(Stored dataset items)
☆ ☆ ☆ ☆

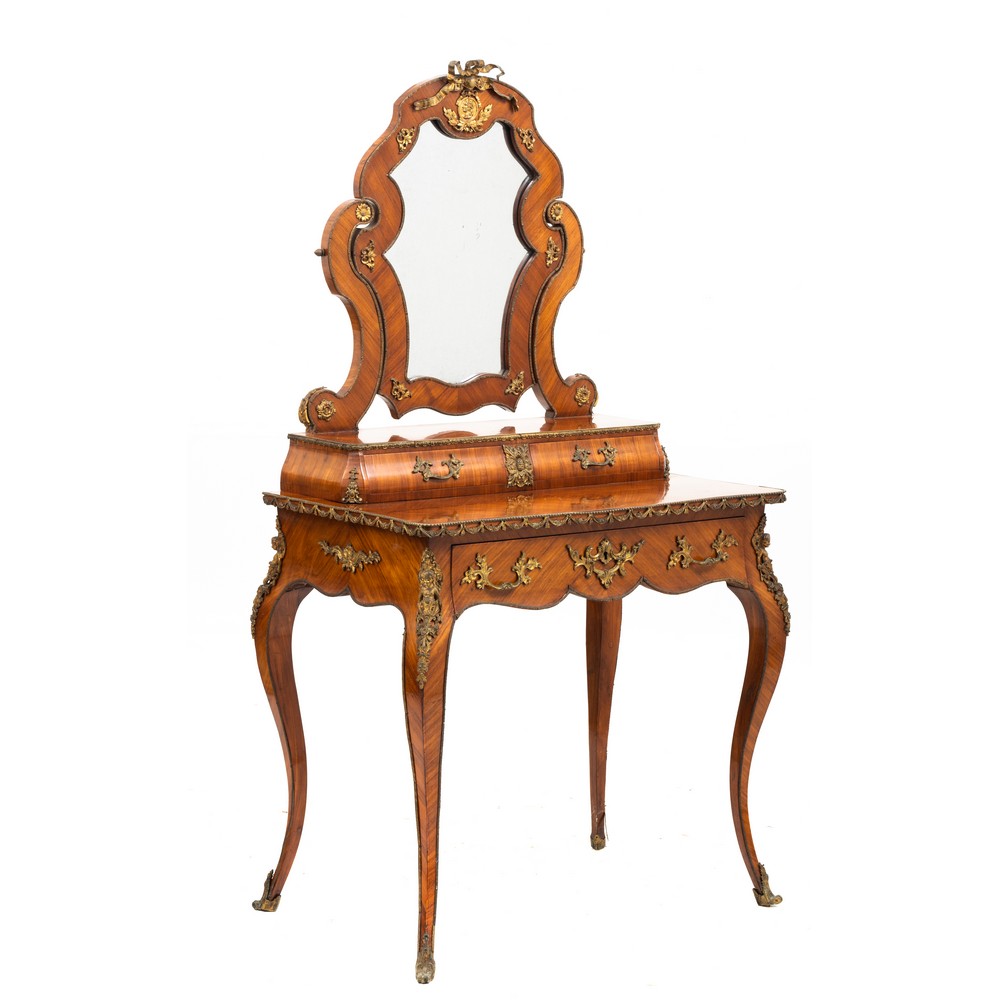Toletta in legno rosa riccamente guarnita da bronzi.
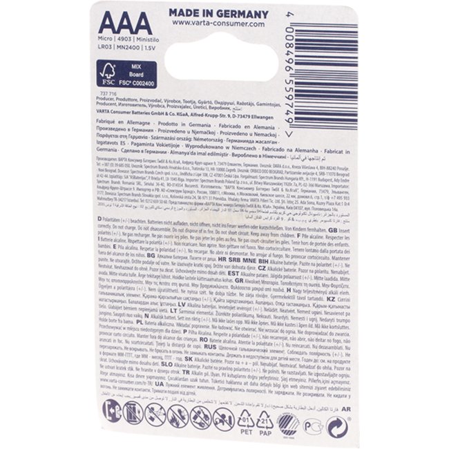 Varta AAA Longlife Power 4pcs - reliable and long-lasting batteries for all your essential devices.
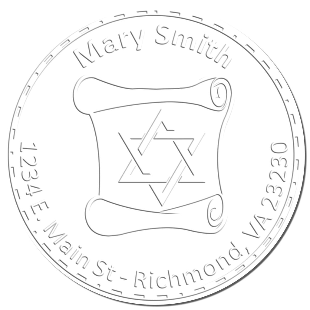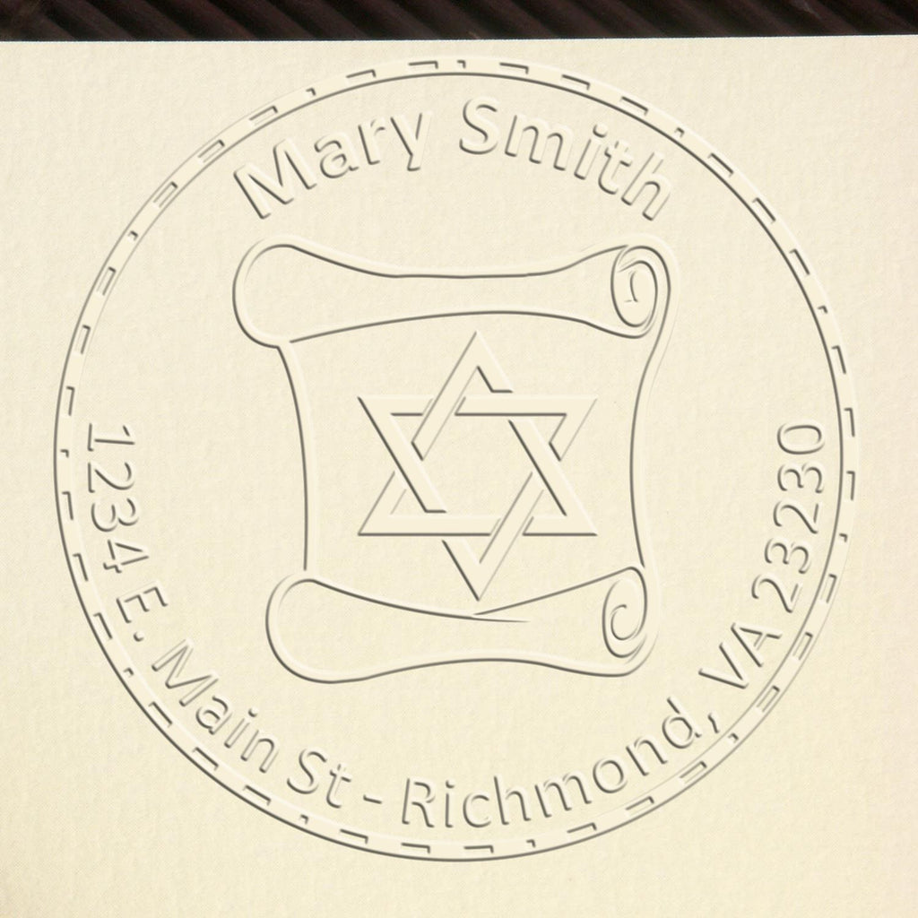 - PERSONALIZE YOUR SPACE with a stunning design featuring the Star of David and Torah scroll. This unique embosser allows you to customize your name and address, making it a meaningful addition to your Judaica collection. Stand out with a personalized touch that resonates with your heritage!
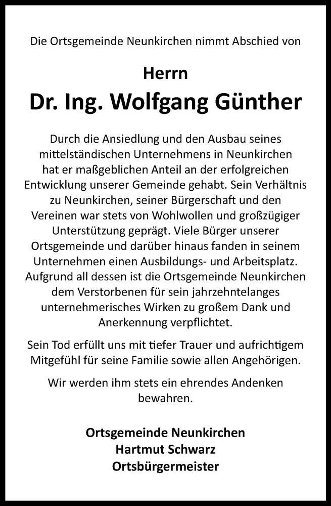Hier finden Sie alle Traueranzeigen aus der Zeitung, die bisher für Wolfgang Günther erschienen sind. Weitere Traueranzeigen, die in der Zeitung erscheinen, werden hier ebenfalls aufgelistet
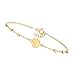 GENUINE 10KT GOLD — 10kt yellow gold circle charm bead station bracelet. Textured and polished finishes. 7.5 in. long with a 1/2 in. extender. 1/4 in. wide. 2.5mm station beads. 1mm cable chain. 1.1 grams. Springring clasp.
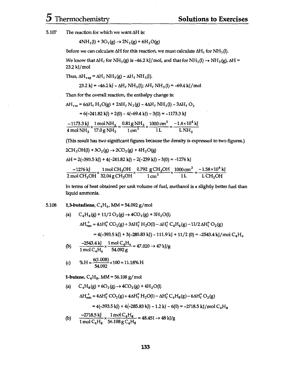 5 Thermochemistry Solutions to Exercises 5.107 The reaction for which we want is: + -> Before we can calculate for this reaction, we must calculate for We know that for NH₃(g) is -46.2kJ/mol, and that for NH₃(g), AH = 23.2kJ/mol Thus, 23.2 kJ = = Then for the overall reaction, the enthalpy change is: = H₂O(g) + N₂ - - O₂ = 6(-241.82 kJ) + 2(0) 4(-69.4 - 3(0) = -1173.3 kJ -1173.3kJ 1 mol 1000 cm³ - 1.4x 10⁴ kJ 4 mol X 17.0 1L LNH₃ (This result has two significant figures because the density is expressed to two figures.) AH = 2(-393.5 kJ) + 4(-241.82 - 2(-239 - 3(0) = -1276 kJ -1276kJ 0.792 g 1000 = - 2 mol 32.04 1L L CH₃OH In terms of heat obtained per unit volume of fuel, methanol is a slightly better fuel than liquid ammonia. 5.108 1,3-butadiene, (a) C₄H₆(g) + = CO₂(g) + - C₄H₆(g) - O₂(g) = 4(-393.5 kJ) + kJ) 111.9 + 11/2 (0) = -2543.4 kJ/mol (b) 1 mol C₄H₆ 54.092 C₄H₆ = 47.020 -> 47kJ/g (c) (a) + = 4(-393.5 kJ) + - 6(0) = -2718.5 kJ/mol C₄H₈ (b) -2718.5 1 mol C₄H₈ = 48.451 -> C₄H₈ 56.108 133

☆ ☆ ☆ ☆

Assignment >>
Repeat all the records above exactly, leaving out any pictures.

Written solution >>
Toletta in legno rosa riccamente guarnita da bronzi.
 Varta AAA Longlife Power 4pcs - reliable and long-lasting batteries for all your essential devices.
 - PERSONALIZE YOUR SPACE with a stunning design featuring the Star of David and Torah scroll. This unique embosser allows you to customize your name and address, making it a meaningful addition to your Judaica collection. Stand out with a personalized touch that resonates with your heritage!
Hier finden Sie alle Traueranzeigen aus der Zeitung, die bisher für Wolfgang Günther erschienen sind. Weitere Traueranzeigen, die in der Zeitung erscheinen, werden hier ebenfalls aufgelistet
 GENUINE 10KT GOLD — 10kt yellow gold circle charm bead station bracelet. Textured and polished finishes. 7.5 in. long with a 1/2 in. extender. 1/4 in. wide. 2.5mm station beads. 1mm cable chain. 1.1 grams. Springring clasp.
 5 Thermochemistry Solutions to Exercises 5.107 The reaction for which we want is: + -> Before we can calculate for this reaction, we must calculate for We know that for NH₃(g) is -46.2kJ/mol, and that for NH₃(g), AH = 23.2kJ/mol Thus, 23.2 kJ = = Then for the overall reaction, the enthalpy change is: = H₂O(g) + N₂ - - O₂ = 6(-241.82 kJ) + 2(0) 4(-69.4 - 3(0) = -1173.3 kJ -1173.3kJ 1 mol 1000 cm³ - 1.4x 10⁴ kJ 4 mol X 17.0 1L LNH₃ (This result has two significant figures because the density is expressed to two figures.) AH = 2(-393.5 kJ) + 4(-241.82 - 2(-239 - 3(0) = -1276 kJ -1276kJ 0.792 g 1000 = - 2 mol 32.04 1L L CH₃OH In terms of heat obtained per unit volume of fuel, methanol is a slightly better fuel than liquid ammonia. 5.108 1,3-butadiene, (a) C₄H₆(g) + = CO₂(g) + - C₄H₆(g) - O₂(g) = 4(-393.5 kJ) + kJ) 111.9 + 11/2 (0) = -2543.4 kJ/mol (b) 1 mol C₄H₆ 54.092 C₄H₆ = 47.020 -> 47kJ/g (c) (a) + = 4(-393.5 kJ) + - 6(0) = -2718.5 kJ/mol C₄H₈ (b) -2718.5 1 mol C₄H₈ = 48.451 -> C₄H₈ 56.108 133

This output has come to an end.